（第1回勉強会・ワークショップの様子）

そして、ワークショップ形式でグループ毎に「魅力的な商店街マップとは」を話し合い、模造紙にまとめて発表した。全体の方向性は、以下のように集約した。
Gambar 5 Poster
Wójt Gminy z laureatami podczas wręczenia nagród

* * *

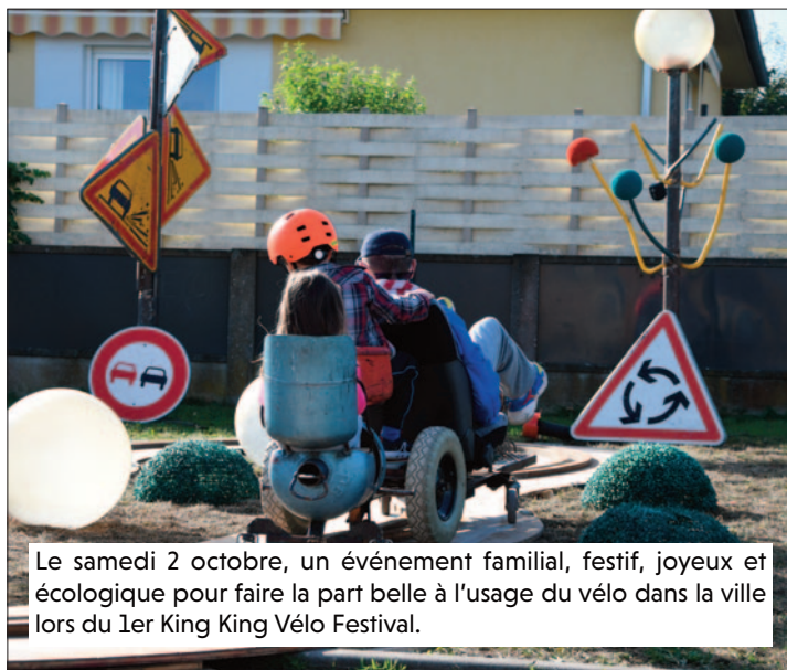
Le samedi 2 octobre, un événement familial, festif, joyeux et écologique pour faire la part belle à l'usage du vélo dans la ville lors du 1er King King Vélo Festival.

---

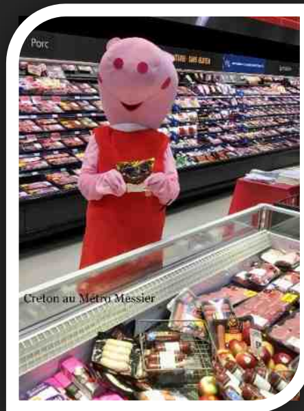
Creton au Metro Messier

- _Task instructions_
Return word for word the lines above from the line with "Gambar 5 Poster" to the line with "Wójt Gminy z", including both and leaving out all others.

- _Result of the task_
Gambar 5 Poster
Wójt Gminy z laureatami podczas wręczenia nagród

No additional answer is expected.